2021 Resolutions
February 23, 2020
This year I am late to the game but let’s jump right into it.
Health:
- Have my wrist surgery and go through rehab.
- No alcohol except Friday and Saturdays. No beer when possible, stick to raki, whiskey and red wine.
- Maintain: Paleo diet, daily (16 hours) and bi-monthly (2 day) fasts, cold showers, occasional sauna.
- Vit D, K, berberin, resveratrol and NAD booster supplements
Sleep:
This is big. I will try to go to bed around 10-11pm and wake up around 7am. To this end:
- No phone in the bedroom (which forces me to walk to the living room to turn off the alarm)
- and bedtime readings: I will keep these readings light (ethnographies, history, fiction)
If I can accomplish this, this will give me time for a morning routine which is:
- draw for half an hour or walk after my morning coffee
- read on Causal Inference for an hour with my second coffee of the day. And no more coffee after 12pm.
Then my after work routine becomes:
- Code for an hour (maybe for a blog post, or a project or implementing things from morning readings).
Calisthenics:
Since I’ll have a wrist surgery this year and the rehab will take an entire year and even then I will lose mobility in my wrist I have to accept that my calisthenics journey has come to an end. I will try to do legs and core exercises and pick up swimming next year if it is easy on my wrist. The days I exercise abs and legs, I will draw in the mornings, the days I don’t exercise I will go for a walk in the mornings instead.
Blog
I will try to keep the blog more active this year. I want to write two blog posts each month. At least once a month. There already are some topics in the pipeline:
- Finish the basic stats blog posts
- Publish the Naive Bayes classifier for detecting the language of a text.
- Power calculations for one and two sided tests.

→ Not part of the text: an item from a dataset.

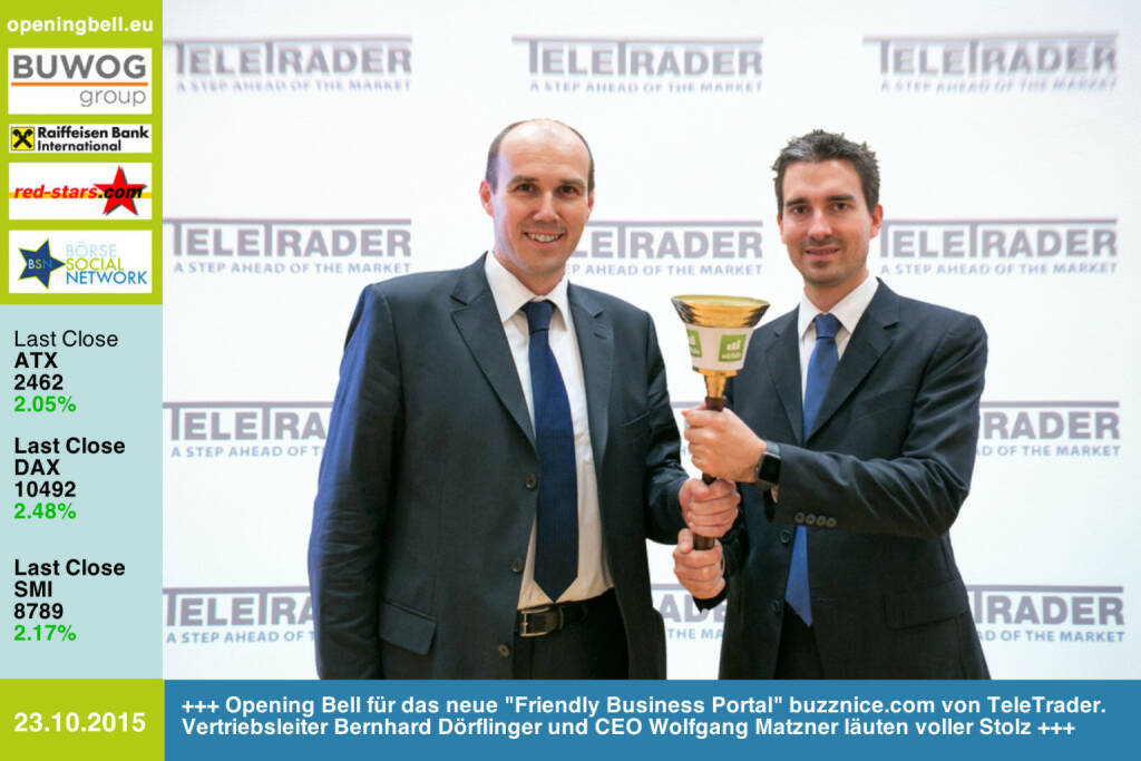 #openingbell am 23.10: Eine Opening Bell für das neue "Friendly Business Portal" http://www.buzznice.com von TeleTrader. Vertriebsleiter Bernhard Dörflinger und CEO Wolfgang Matzner läuten voller Stolz http://www.openingbell.eu

- Surrogate metrics and how they can be misleading (with DAGs)
- Instrumental Variables example for non-compliance in tech products.
- Synthetic Control example
- Ratio metrics, delta method and CUPED.
- Causal Identification vs Causal Discovery vs Parameter Estimation.
- Type M error as an illustration of bias/variance trade-off.
Readings
I don’t have a particular list this year.
At night I want to finish some fiction I have been putting off like some Joyce, Moby Dick, The THree Body Problem along with some ethnographies on the Inuit, the Hadza and the !Kung. I also want to read some of my history book on the Dutch Golden Age, Inner Eurasia, Ancient Mediterrenean Trade Routes etc.
For my morning readings I will read Shalizi’s Data Analysis book, re-read Pearl’s Causality Primer and the Causality Mixtape and Imbens and Rubins’ Causal Inference chapters. I will also read some more recent papers that are relevant for my work as a Experimentation Data Scientist.